2020年4月14日火曜日

総理動画、そもそもコラボに非ず

 星野源さんの「うちで踊ろう」に安倍総理が乗っかった件。よく燃えてますね。
 とあるジャズ・ピアニスト/作曲家さんによるnoteの記事(『安倍総理の星野源さんコラボは何が問題だったのか / 音楽家からの視点と分析』2020年4月13日)がたいへん良くまとまっていると思います。…が、もう少し単純に、音楽的な話に絞ってみます。

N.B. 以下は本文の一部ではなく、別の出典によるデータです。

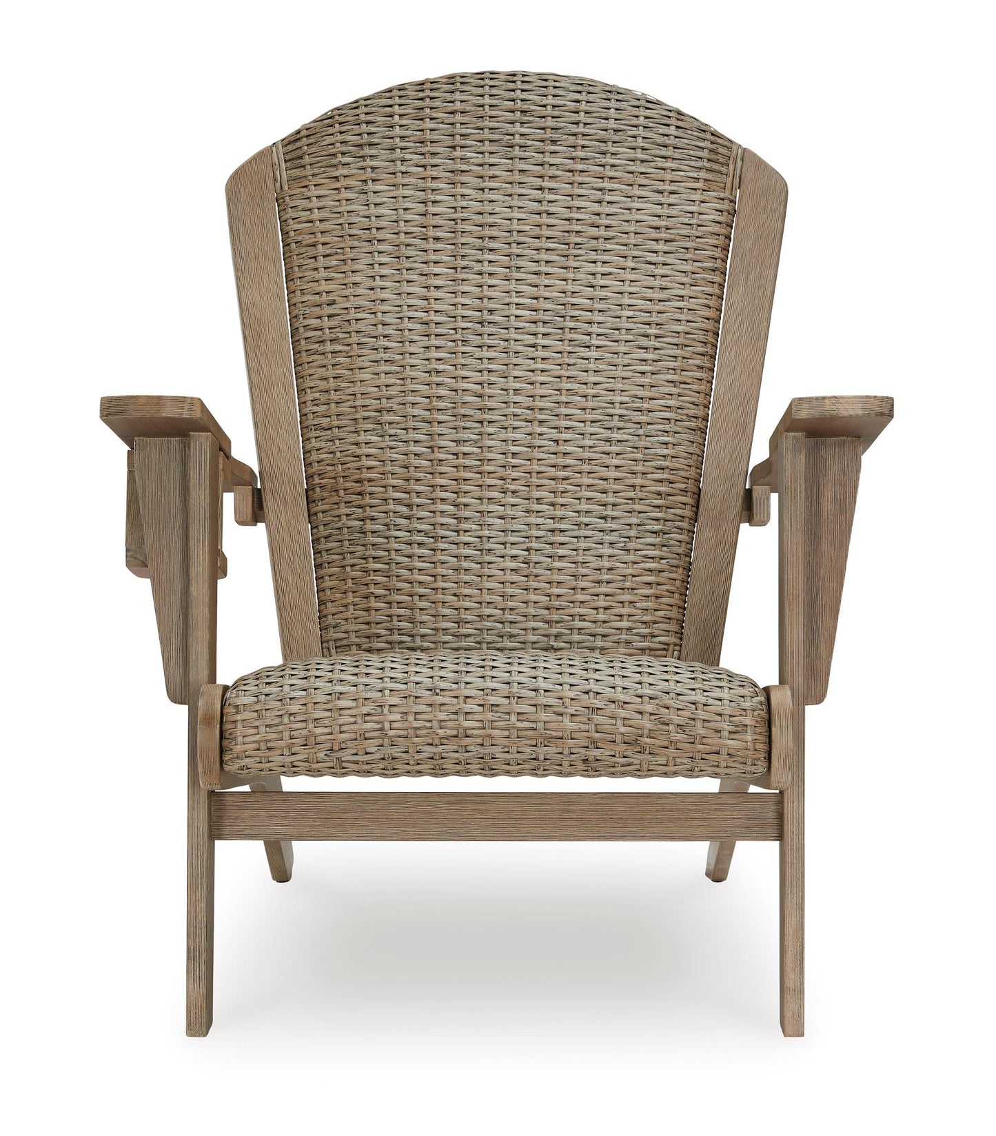 This Adirondack chair takes a classic design to new heights of relaxation. Comfortably padded and crafted with durable eucalyptus wood and handwoven resin wicker, this chair weathers the seasons beautifully with exceptional form and function.

 総理の動画。あれはコラボではないですよね。BGMにしているだけ。

 幸い比較対象がある。岡崎体育と大泉洋。「何もしない」というメソードだけは一緒ですが、まさに雲泥万里、月とスッポン、雪と墨。星野源を上に立てているか、道具に使っているかの違い。星野源の音楽を聴いているか聴いていないかの違い。「耳を使っているか使っていないか」の違い。


 しかも、二人とも「画面にどう映ってるか」がちゃんと計算出来ていますよね。大泉洋に至っては音楽を聴きながら「聴いてない」を演じている。言葉をちょうど邪魔になる部分にかぶせているでしょう。こういうのは直感、センスの問題で、素人が真似しようったってそうそう出来ることじゃない。彼らはそれが出来るから芸能人をやってるんです。こんな高等なテクニックに手を出したらヤケドするのが当たり前。




 では、総理はどうするべきだったのか。正解はこちら。



 場末のカラオケスナックの寒々しいノリでも良いから、タンバリンのひとつでも持っていれば、「だっせ…」とは言われたでしょうけど、少なくともヤケドはしなかった。

 で、40歳過ぎのおっさんとして深く確信することですが、他業種の仕事の難易度に対し想像力の働かない人に仕事のできる人間はひとりもいません。「あ、これ、真似したらあかんやつや」と思えない人に、有能な人間はひとりもいません。

 総理が自分で思いつくとは考えられないので「総理、最近これがナウいんすよ、イケてるんすよ」と進言した勘違い甚だしい取り巻きがいたんでしょう。おそらく岡崎体育や大泉洋のを見て「総理にも出来る!」とか思ったんでしょう。そういう人らに自分の命を預けている現状、生活を握られている現状を考えてみてください。

 「狂ってる」と表現している人いますね。違います。凡庸なだけです。

 総理の動画は控えめに言って死ぬほど不愉快なので、もしも僕が演出家だったら急所めがけて灰皿を投げるくらい不愉快なので、ここにシェアするのは控えておきます。その代わりと言ってはなんですが亀井静香ちゃんの歌をお聴きください。これ、10年ほど前、彼のサイトを開くたびに聴かなきゃいけなかったんです。くっそ下手には違いないんですけど、僕はどうも憎めなくて。